La verità è che Michael è sparito da quando l'ho incontrato in camera di Ash, da due settimane ormai, non viene nemmeno più a lezione. E io, sinceramente, sto per impazzire. Non lo trovo più, in Paradiso non c'è mai e non mi risponde al telefono, nemmeno in camera c'è. Ho chiesto ad Ashton, trovando la scusa e dicendo che mancava da troppo tempo alle lezioni di astronomia. Ma semplicemente non c'è, sparito nel nulla come il fumo di una sigaretta.

«Sì mamma, qui tutto bene. Piuttosto, dimmi come sta papà, è tornato a casa non tanti giorni fa mi hai detto» rispondo a mia madre, tenendo il cellulare tra l'orecchio e la spalla, sistemando qualche libro nella borsa. Per oggi le mie lezioni sono terminate, sto per andare in Paradiso a fare i compiti.

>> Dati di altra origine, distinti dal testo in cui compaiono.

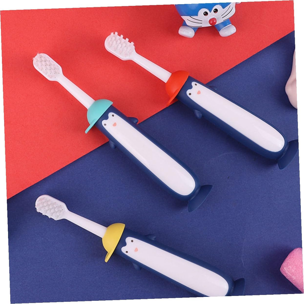 – Color: blue and red and yellow Bristles Toothbrush.
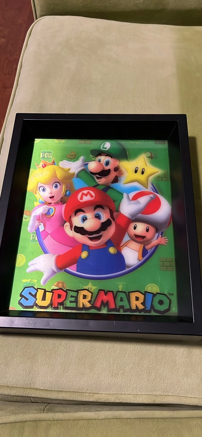 15Super Mario Brothers framed print. Features Mario, Luigi, Peach, and Toad. Black frame. Great for a gamer's room.

«Sta benissimo, a quanto dice lui. Non smette di dirmi che ha voglia di fare qualcosa, che non riesce a non fare niente come gli ha suggerito il dottore. Penso dovrò chiuderlo a chiave in camera» ridacchia, divertita «Scherzi a parte si sente bene, con le pastiglie per il cuore che gli ha prescritto il medico non ha avuto nessun problema»

«Sono felice mamma, sono molto sollevata. E te, come stai? Come va da quelle parti?» mi sistemo un ciuffo di capelli dietro l'orecchio e mi guardo intorno tra le foglie verdi e i colori degli alberi.

«Oh sì, tutto bene. Le mie amiche del circolo di giardinaggio...» inizia il discorso, ma il mio sguardo è attirato da un verde diverso da quello degli alberi, uno più stinto e che mi piacerebbe tanto avere tra le dita.

I miei passi si fermano scricchiolando sulla ghiaia, e lo osservo mentre mi dà le spalle e scrive al telefono. Un'ondata di risentimento mi investe, rancore verso il ragazzo che mi sta rubando il cuore ma che non si degna nemmeno di rispondermi o spiegarmi cosa diavolo sta succedendo.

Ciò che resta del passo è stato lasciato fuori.